B.C. Air Quality

What Governments are Doing about Ozone Depletion

194 nations, including Canada, have signed an international agreement to end the production of chlorofluorocarbons (CFCs), halons and other ozone-depleting substances (ODS). The agreement is called the Montreal Protocol on Substances that Deplete the Ozone Layer (1987). The protocol has been amended several times, to speed up ODS phaseout dates and to include more types of ODS. 

The federal and provincial/territorial governments share responsibility for protecting the ozone layer. Under the Montreal Protocol, the federal government is responsible for controlling the import, manufacture, use, sale and export  of ODS. To meet these requirements, Canada has established:

For more information, see Environment Canada's Stratospheric Ozone website.

The provincial/territorial governments manage the use and handling of ODS. The B.C. Government passed the Ozone Depleting Substances Regulation in 1993 to control ODS stored in products and equipment, and encourage consumers and industry to use more environmentally safe alternatives.

In Schedule A of the regulation, Class I lists all CFCs and halons, as well as methyl chloroform and carbon tetrachloride. Class I substances are considered to have the most significant impact on ozone layer depletion. Class II of Schedule A lists all hydrochlorofluorocarbons (HCFCs), which are considered the “transitional” substances or alternatives to Class I substances. Both Class I and Class II are ozone-depleting substances.

The regulation was amended in November 1999, mainly to include other halocarbons as Class III substances — e.g., hydrofluorocarbons (HFCs) and perfluorocarbons (PFCs). The Class III substances do not contain chlorine or bromine atoms, so they don't deplete the ozone layer. However, they are considered potent greenhouse gases and have a significant global warming potential (GWP).

The amendments in 1999 also strengthened certain requirements, and the regulation was renamed the Ozone Depleting Substances and Other Halocarbons Regulation. The regulation was amended again in 2004, largely to implement Canada’s National Action Plan, which includes phaseout dates for Class I substances (Section 27 of the regulation). 

These amendments also included additional CFC-refill restrictions for the mobile and commercial refrigeration sectors, refill restrictions for halon fire extinguishers and revised seller take-back provisions for surplus CFC refrigerators. For more information and to download a copy of the regulation, see Amendments to the Ozone Depleting Substances and Other Halocarbons Regulation.

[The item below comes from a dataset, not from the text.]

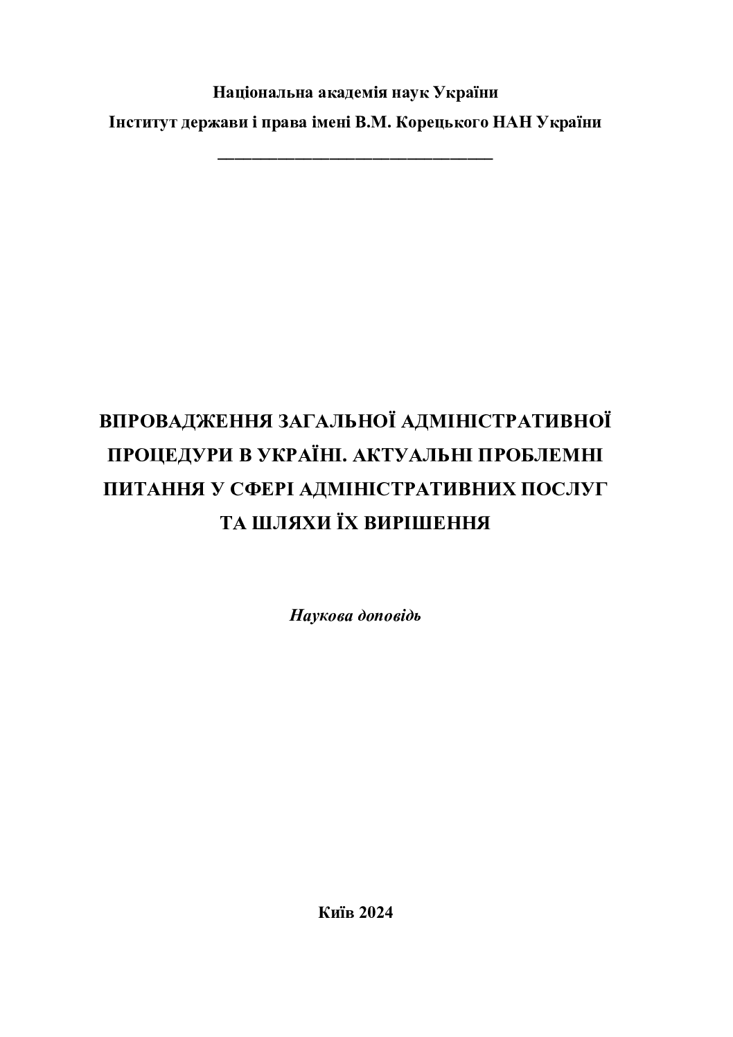 Впровадження загальної адміністративної процедури в Україні. Актуальні проблемні питання у сфері адміністративних послуг та шляхи їх вирішення : наукова доповідь
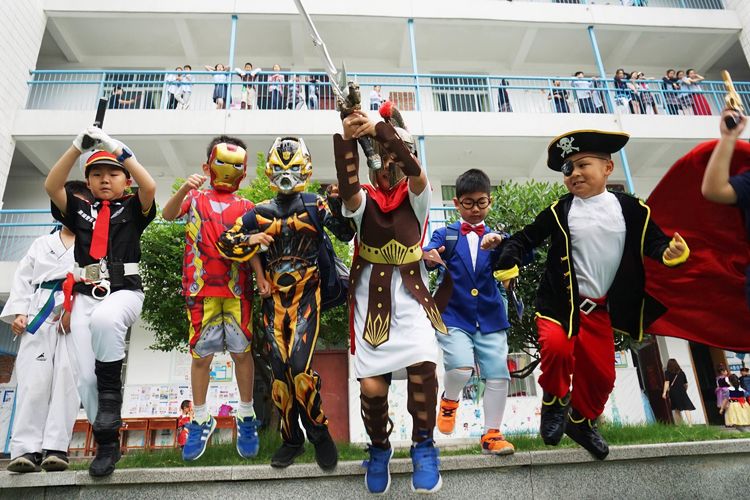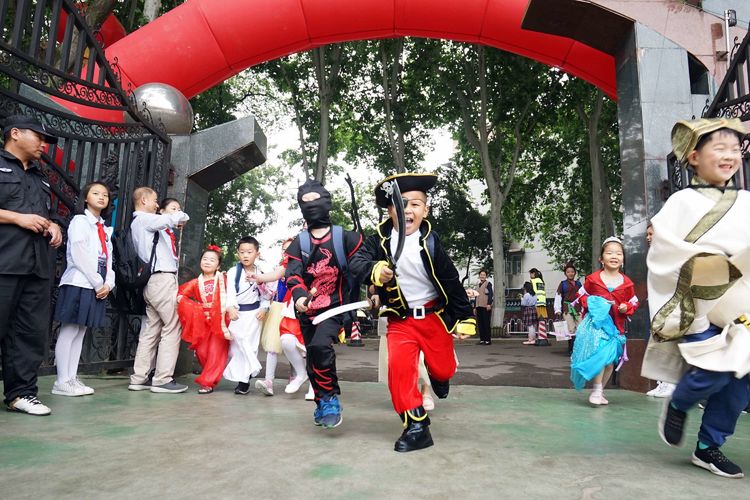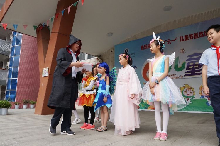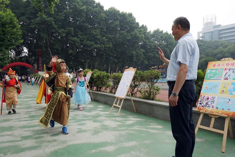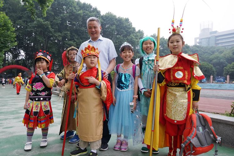 5月31日上午八点,华师附小沈爱华校长如往常一样,在校门口迎接每一位孩子的到来。与往常不一样的是,走进校门的不再是一个个身着校服的小学生,而是一个个童话中的小精灵!艾莎公主、孙悟空、葫芦娃、唐僧、二郎神.....每个孩子打扮成自己最喜欢的人物形象,高高兴兴地走进校园,今天,他们就要以自己最喜欢的样子,参加学校“迎六一暨童话节”庆祝活动,孩子们兴奋极了!

To make sure ODS are recovered correctly, technicians working with these chemicals must be an “approved person” as defined in the regulation. This includes having successfully completed an ODS environmental-awareness course approved by Environment Canada and the ministry. Technicians must also follow the procedures detailed in Environment Canada’s Environmental Code of Practice for Elimination of Fluorocarbon Emissions from Refrigeration and Air Conditioning Systems (PDF: 61 pages) and the Environmental Code of Practice for Halons.

B.C. no longer allows the recharging of a motor vehicle air conditioner (MVAC) with any Class I substance, e.g., CFC-12, the common refrigerant in older air conditioners. When vehicles are scrapped or their air conditioners are repaired, the ODS must be recovered safely, with no leaks. A Class II, III or other alternative substance must be used as the replacement refrigerant. Anyone servicing an MVAC system must have successfully completed an MVAC servicing-and-retrofitting course approved by the Ministry of Environment.